**Work instructions:** All that is needed is an exact copy of the lines from the beginning of the data below through the line containing "Framed prints arrive", minus the pictures.

**Given records:**

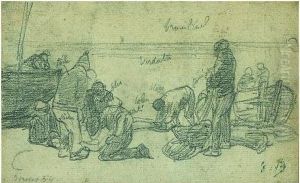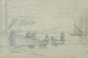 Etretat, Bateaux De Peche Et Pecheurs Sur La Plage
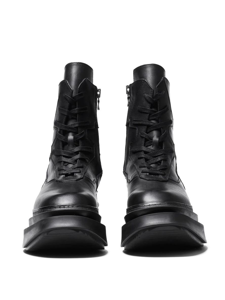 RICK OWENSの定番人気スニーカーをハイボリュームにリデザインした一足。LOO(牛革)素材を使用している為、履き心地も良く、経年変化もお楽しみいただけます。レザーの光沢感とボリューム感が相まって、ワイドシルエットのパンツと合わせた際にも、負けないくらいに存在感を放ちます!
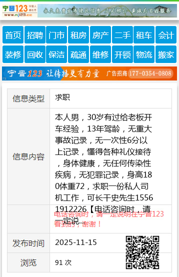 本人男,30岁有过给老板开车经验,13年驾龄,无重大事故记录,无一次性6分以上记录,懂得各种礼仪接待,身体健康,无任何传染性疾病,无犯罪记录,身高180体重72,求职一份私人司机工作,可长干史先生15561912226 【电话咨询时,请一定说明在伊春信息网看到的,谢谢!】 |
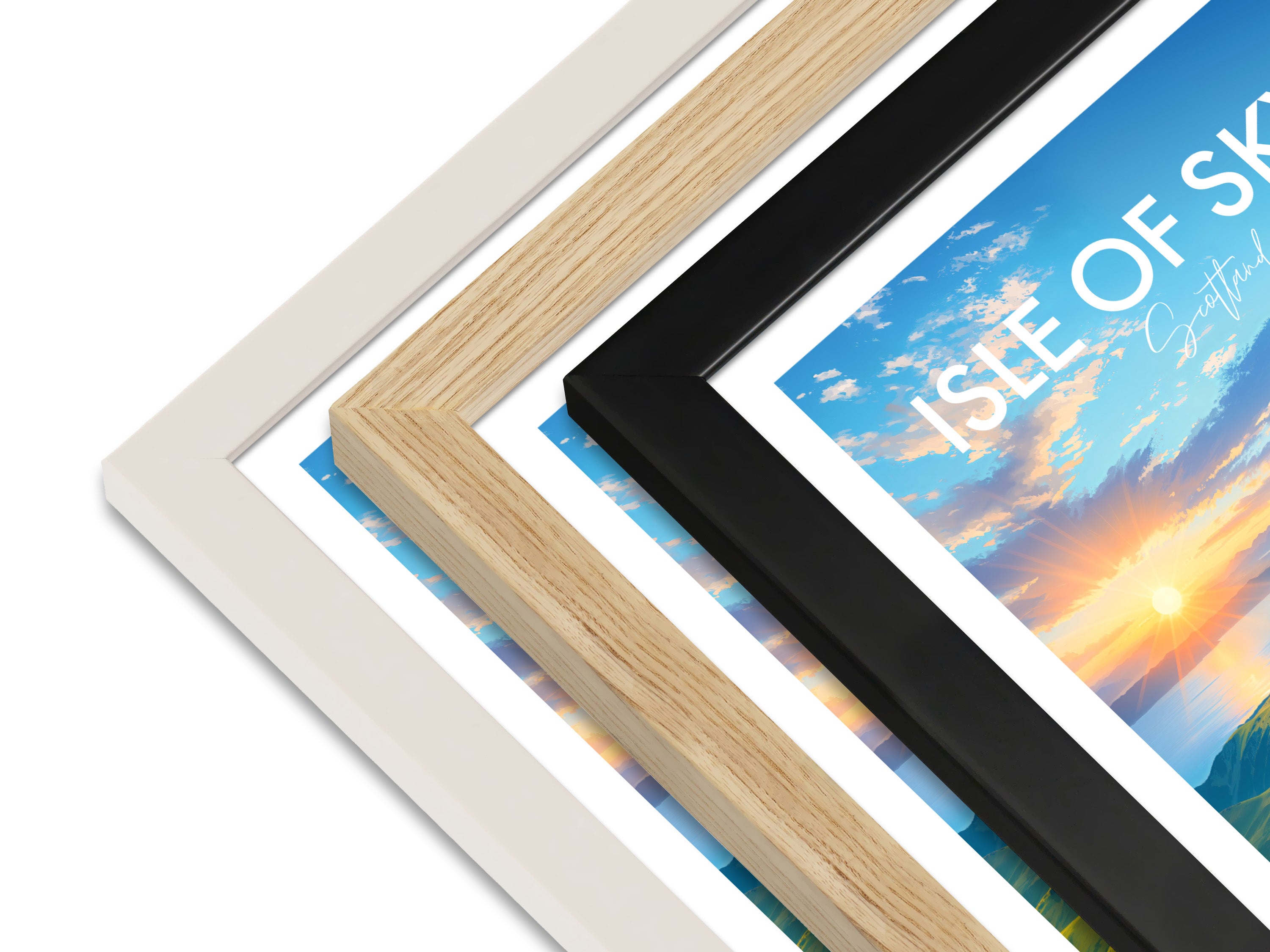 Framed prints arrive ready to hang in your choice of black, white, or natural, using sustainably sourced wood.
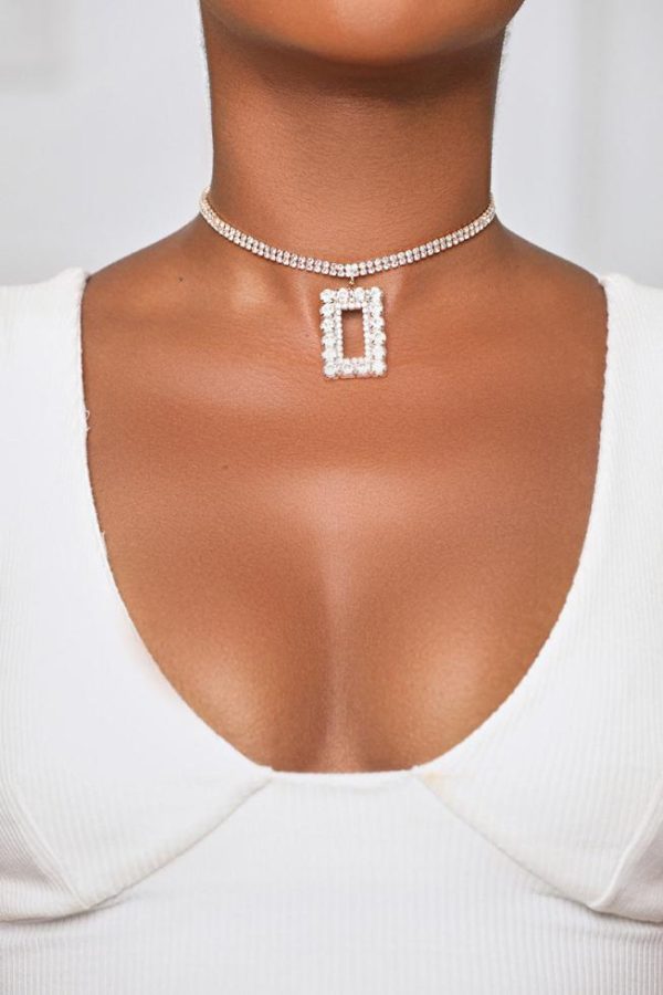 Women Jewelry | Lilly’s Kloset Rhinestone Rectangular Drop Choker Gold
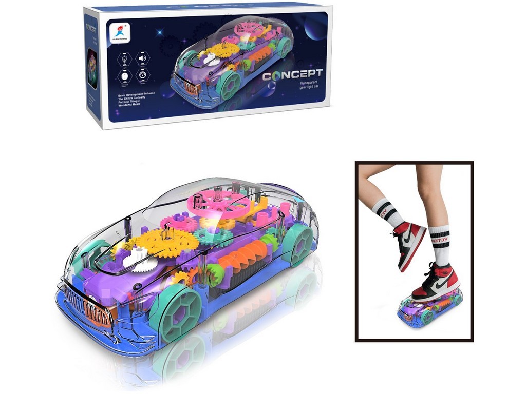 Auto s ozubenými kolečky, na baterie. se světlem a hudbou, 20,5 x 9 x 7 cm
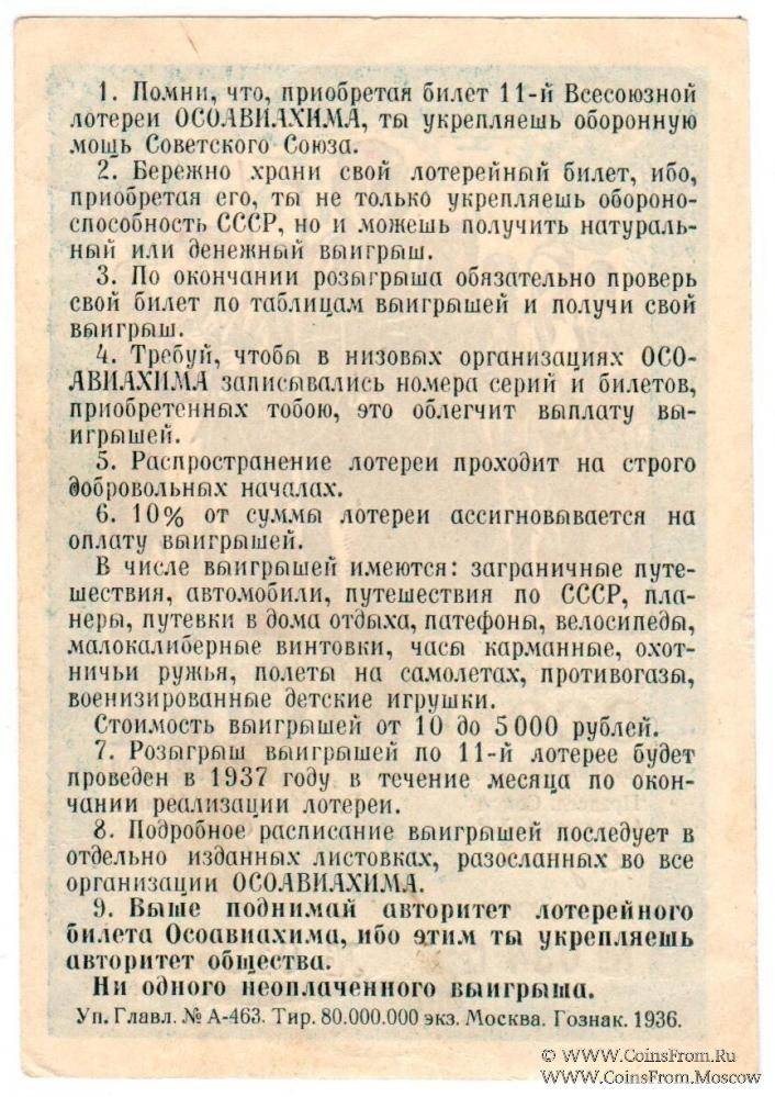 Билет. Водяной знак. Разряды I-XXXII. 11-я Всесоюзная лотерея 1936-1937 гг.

**Output of the exercise:**
 Etretat, Bateaux De Peche Et Pecheurs Sur La Plage
 RICK OWENSの定番人気スニーカーをハイボリュームにリデザインした一足。LOO(牛革)素材を使用している為、履き心地も良く、経年変化もお楽しみいただけます。レザーの光沢感とボリューム感が相まって、ワイドシルエットのパンツと合わせた際にも、負けないくらいに存在感を放ちます!
 本人男,30岁有过给老板开车经验,13年驾龄,无重大事故记录,无一次性6分以上记录,懂得各种礼仪接待,身体健康,无任何传染性疾病,无犯罪记录,身高180体重72,求职一份私人司机工作,可长干史先生15561912226 【电话咨询时,请一定说明在伊春信息网看到的,谢谢!】 |
 Framed prints arrive ready to hang in your choice of black, white, or natural, using sustainably sourced wood.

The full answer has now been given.